It's one thing to ignore your own Obligatory Blue Ribbon Commission, as I've come to call the groups that are appointed whenever a child welfare agency wants to duck responsibility for its failings. It's another to practically spit in the faces of the people who served on it.
You'd think Ismael Ahmed, director of the Michigan Department of Human Services, at least would have waited a decent interval before helping his boss the governor slash at least $19.8 million from funds for child abuse prevention, family preservation and basic help to ameliorate the worst effects of poverty. Depending on how you count things like cuts in day care, employment training and public assistance, the figure could be as high as $40 million or more. There even are cuts of at least $1.2 million for adoption support services and help for young people who've been failed their entire lives by DHS and now are "aging out" of foster care. (Voices for Michigan's Children has a breakdown of the cuts here.)
Many of these programs repeatedly have been cut back in past years; indeed the state of Michigan largely bailed out of funding prevention and family preservation years ago. As is discussed in detail in our report on Michigan child welfare and previously on this Blog they are funded largely on the backs of poor people themselves, using surplus funds from the federal Temporary Assistance to Needy Families program.

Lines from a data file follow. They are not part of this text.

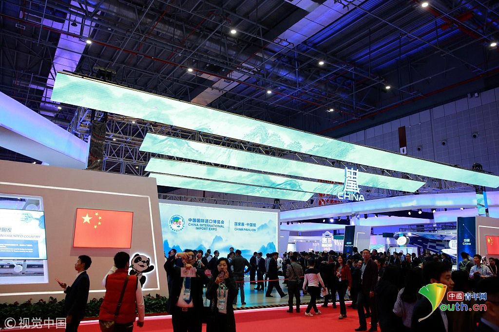 2018年11月6日,上海,首屆中國國際進(jìn)口博覽會(huì)國家展上,共有82個(gè)國家、3個(gè)國際組織設(shè)立了71個(gè)展臺(tái)。中國館。視覺中國
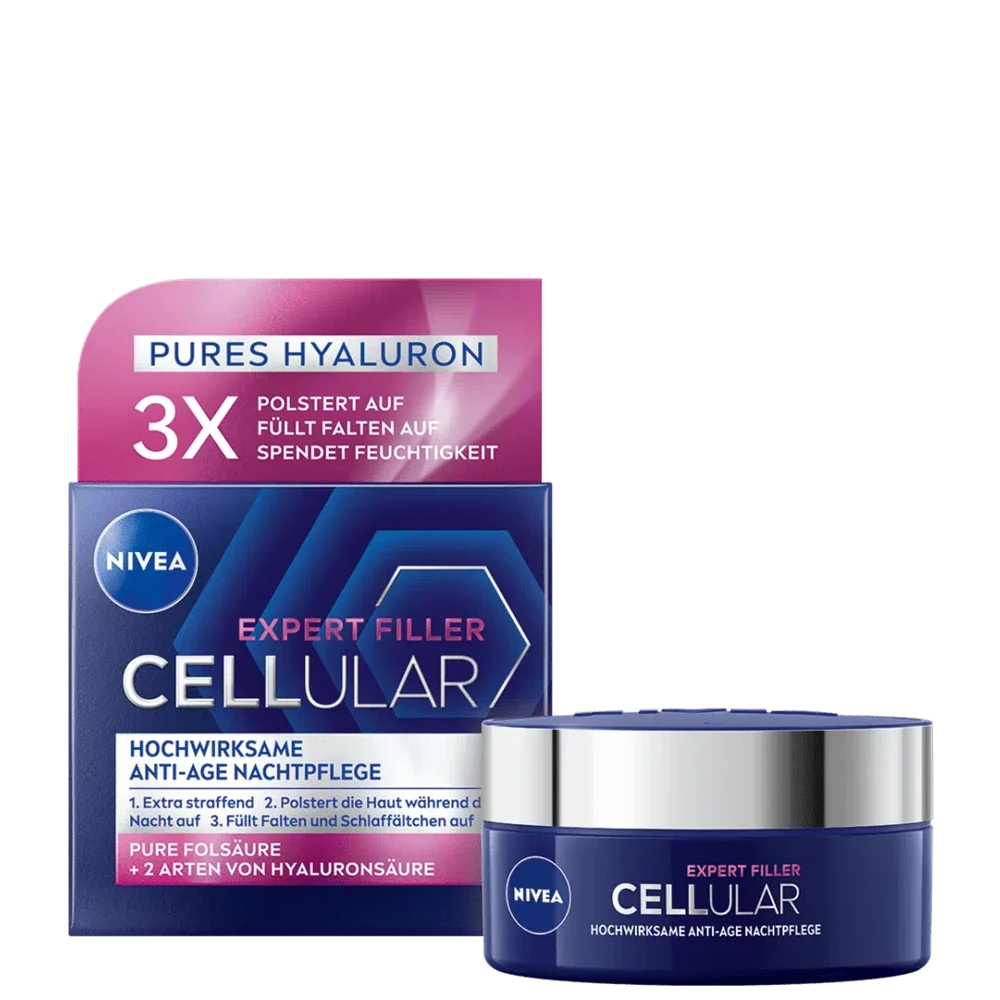 NIVEA Cellular Expert Filler Anti-Age Night Care with its innovative formula contains a combination of highly effective anti-age active ingredients that provide a replenishing effect within 24 h and counteract the loss of firmness and volume to make the skin look younger.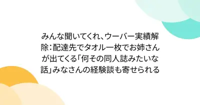 みんな聞いてくれ、ウーバー実績解除:配達先でタオル一枚でお姉さんが出てくる「何その同人誌みたいな話」みなさんの経験談も寄せられる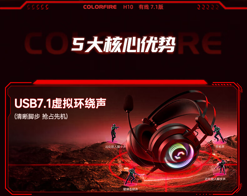 Colorful Colorful E-sports Professional 7.1+EQ Tuning Head-mounted Gaming Wired Headset Desktop Computer Laptop Microphone Noise Reduction USB H10 PRO Snow Mountain White Upgraded E-Sports Model Essential for E-Sports Games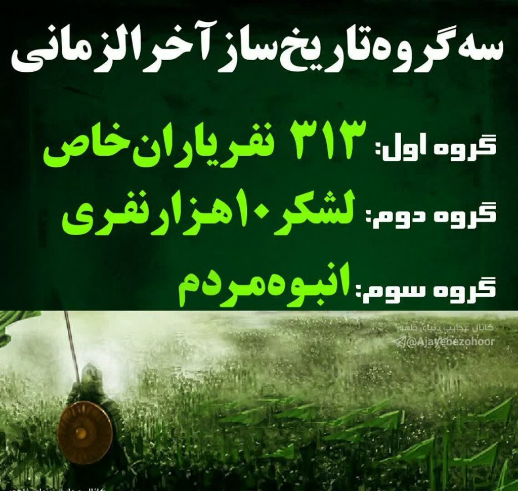 گروه اول: نخستین کسانی که گرد امام جمع میشوند و دعوتِ جهانیِ امام با آنها آغاز میشود؛ ۳۱۳ نفر یاران خاص حضرت هستند که فرماندهان و کارگزاران سپاه ایشان را تشکیل میدهند. امام حسین علیهالسلام فرمودند: و از اصحابش سیصد و سیزده تن به تعداد اصحاب بَدر، از دورترین نقاط زمین به گرد او فراهم آیند.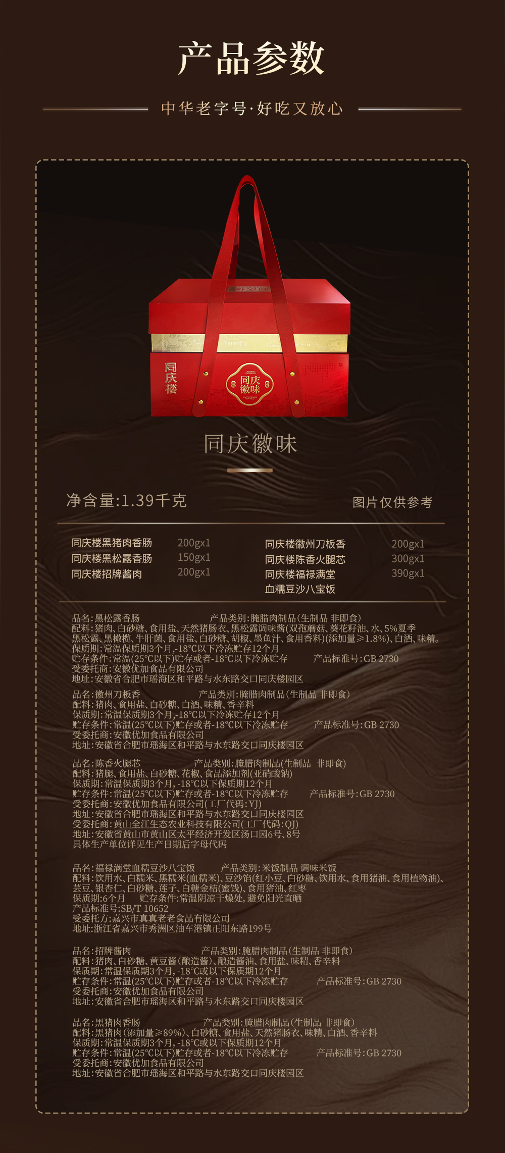 同庆楼 同庆徽味1390g 酱肉香肠刀板烧名厨菜组合装 地道徽州味 年货送礼佳品 48小时发货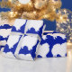 Pomeranian wrapping paper white silhouette blue background gift wrap pomeranian dog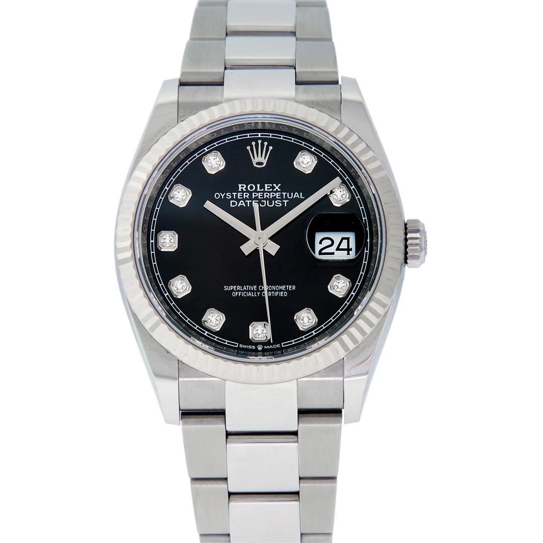One Mens Pre Owned Rolex Datejust 36MM Polished, Serviced & Electronically Tested, Rolex Stainless Steel Case: 36mm, Stainless Steel Crown, Rolex Bezel: 18K White Gold Fluted Bezel, Crystal: Sapphire With Magnified Date Window. Hands: Solid Hands. Rolex Movement: Automatic Winding Movement 3235. Rolex Dial: Black Diamond Dial With Square Track, Diamond Count: 10 Diamonds On Dial, Clarity: VS. Date Window: 3 O'Clock Position Date Display, Quickset, Model: Datejust. Condition: G-6 Extra Fine. Rolex Bracelet: Stainless Steel Oyster Band. Bright Polish & Satin Finish. 7.0 Inch Length, Adjustable. Standard Clasp, With Rolex Logo. This Watch Has Been Serviced Time Tested And Is In Excellent Condition It Is Free Of All Scratches And Dents.

The new cuts come in the form of an Executive Order issued by the governor to close a deficit for the current fiscal year. They come on top of at least $38 million in cuts proposed for next year, discussed in a previous post to this Blog. In each case, the Governor couldn't have thought it all up all by herself.
None of these cuts really is required by Michigan's budget crisis. All these cuts could be avoided simply by not giving two big rate increases next year to providers of largely-worthless "residential treatment" – the worst form of "care" for foster children, and by using the great gobs of money going to hire more child abuse investigators and foster care workers to fund prevention and family preservation instead.
You can get a small but revealing sense of the contempt the people at DHS feel for these programs by the fact that they can't even get all of the names right. Family Group Decision Making, a key component of real reform, is referred to in the Executive Order as "Family group discussion making."
This is, of course, precisely the opposite of what Ahmed's own "Child Welfare Improvement Task Force" recommended.
But it's the same pattern as next year's proposed budget: Anything that might provide permanence or security for vulnerable children takes a hit – while the big, powerful private providers do just fine.
I don't know what's worse – Ahmed's hypocrisy or the providers' obscene priorities.